You are young and life is long and there is time to kill today.
And then one day you find ten years have got behind you.
No one told you when to run, you missed the starting gun.

...Every year is getting shorter never seem to find the time.
Plans that either come to naught or half a page of scribbled lines
Hanging on in quiet desperation is the English way
The time is gone, the song is over, thought I'd something more to say.


-- Time (Pink Floyd: Dark Side of the Moon)Minyanville's Why Wall Street Will Never Be the Same

How Did We Get into This Mess?


The question I get asked the most lately is "How on Earth did we get into this mess in the first place?" The answer, to me, plain and simple is greed.

I have stated numerous times that markets world-wide, throughout centuries are dominated by individuals that cannot seem to shake the two simplest of emotions - fear and greed. Markets tend to overshoot in both directions as investors experience fear and greed and it is also why I live by the mantra of "Buy from the fearful and sell to the greedy."

In my lifetime, I can trace the evolution of this greed back to a fateful day on May 1, 1975, otherwise known as May Day. Until that day, stock brokers charged a fixed commission on all transactions: There was no negotiation. In order to promote competition, the SEC ended the fixed schedule commissions which had been in place since the signing of the Buttonwood Agreement in 1792, the origins of the New York Stock Exchange. It is believed that over the next few weeks, commission rates dropped in half.

This was a wonderful event for investors, but a bad day for Wall Street as one of their chief sources of revenue had now started down the road of deflation.

When I began my career as a retail stock broker in 1981, commission rates were still rather high and with interest rates in the mid to high teens: even bond commissions were very high. In fact, the very first bond trade of my career was a sale of $25,000 Sayreville, New Jersey School District municipal bonds, and I was paid a $750 commission (3%). As my career transitioned to institutional sales and trading, markets became more transparent and commission rates plummeted even further.

I recall my last transaction on the "sell side" in 1997 of $25 million of US Treasury Notes for a commission of $250. Talk about deflation. You can imagine that there is not much incentive to live in a world where you trade $25 million of securities, assume the inherent risks of a trade failing or a mistake being made, and only be paid $250 for that risk. This was no longer a wonderful way to spend my day.

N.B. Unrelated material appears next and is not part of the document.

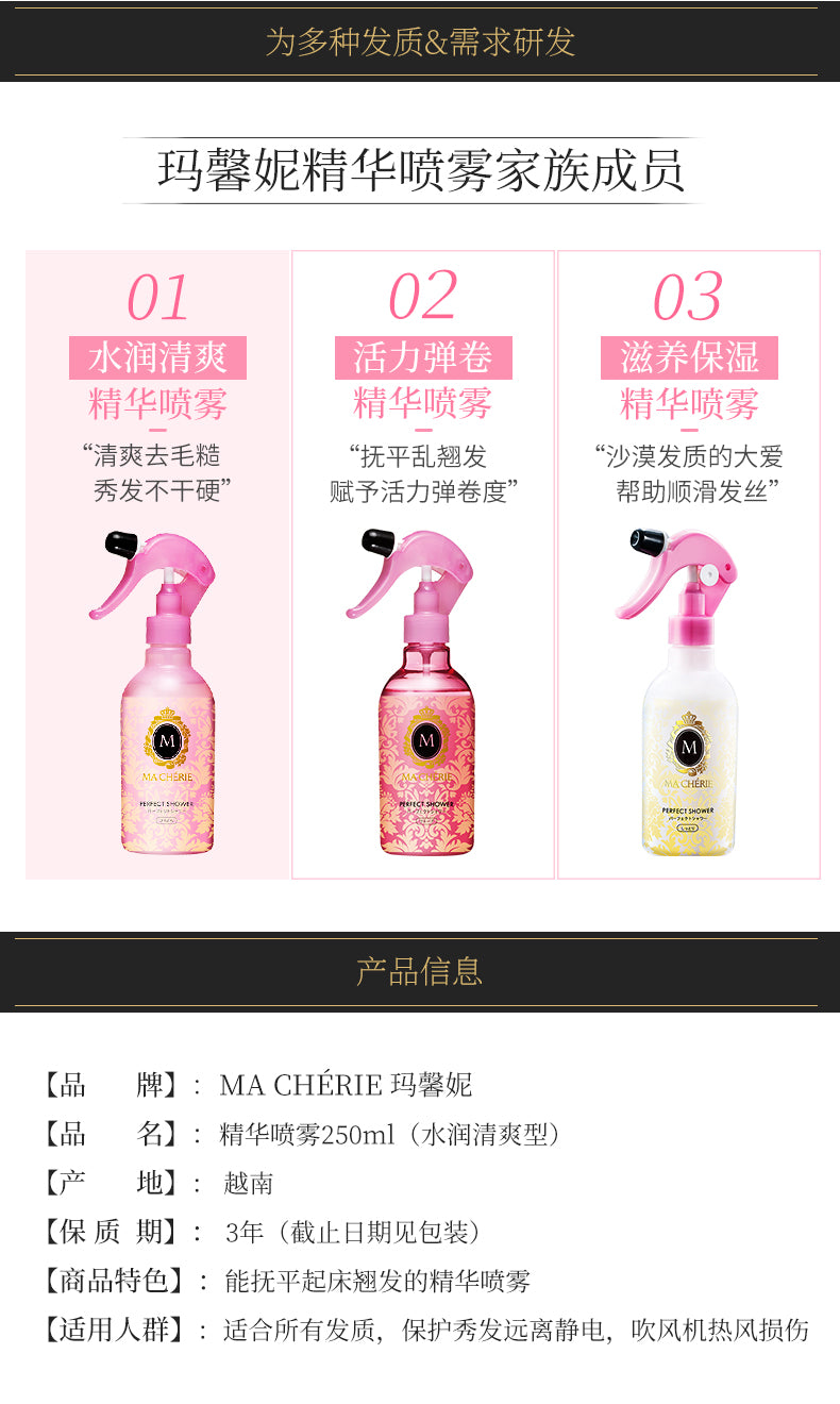 【自营】日本SHISEIDO资生堂 MA CHERIE玛馨妮 水润清爽秀发精华喷雾 250ml 01水润清爽型

Brokerage firms saw this trend developing and began transitioning the traditional stock broker into "financial advisors." Financial advisors would typically advise their clients to diversify their portfolios into various styles utilizing a group of pre-screened investment managers in "wrap accounts." So rather than charge commissions on individual securities, portfolios were concocted to diversify their client's portfolios and still be able to charge fees as high as 3% per year.

As an aside, a couple of the wrap program trading desks were my clients while I was an institutional salesman and to be frank, I was never that impressed with what I saw being done for clients, which led me to becoming a Registered Investment Advisor in 1997. To me, the wrap programs looked an awful lot like a bunch of "mutual funds in drag" except with a higher cost structure.

In addition, there were closed end funds which are just publicly traded mutual funds that raise a fixed amount of capital through an IPO whose shares then trade as a stock on a listed exchange. But closed end funds carry commissions and fees that equate to as much as 7% percent of the initial Net Asset Value, which means that the investor paying the IPO price was left with about 93% of their money at work on Day 1.

On top of the 7% in fees, the funds were often leveraged by 50% in order to enhance the yield via sales of Auction Rate Preferred Stock (ARS), the very same vehicle that stranded so many investors earlier this year and that we commented on back in February and that so many brokerage firms have settled lawsuits on lately for vast amounts of money.

In June of last year, I highlighted the structure of closed end funds and the dangers that lurked. Now that these dangers have exposed themselves and the prices have gone through a massive correction, we are now finding many opportunities as my firm begins to buy a few select closed end funds that trade at as much as 40 percent discounts to NAV. We may be early, but buying distressed assets at huge yields at huge discounts to NAV is my cup of tea.

So I suppose one might say that I am slowly becoming more bullish in very specific areas and this is a matter or price, and because we have the cash when others sell more out of fear rather than due to a rational investment decision.

In summary, we can trace the lineage of this greed back much further than sub-prime in our lifetime, and even though it wasn't the beginning of this deadly sin known as greed, the brokerage industry helped get us to the point we find ourselves in now. The traditional revenue streams dried up and yields dropped far enough to entice investors, both individuals and institutions to stretch for yield, ignore prudence, and succumb to ever greater amounts of greed.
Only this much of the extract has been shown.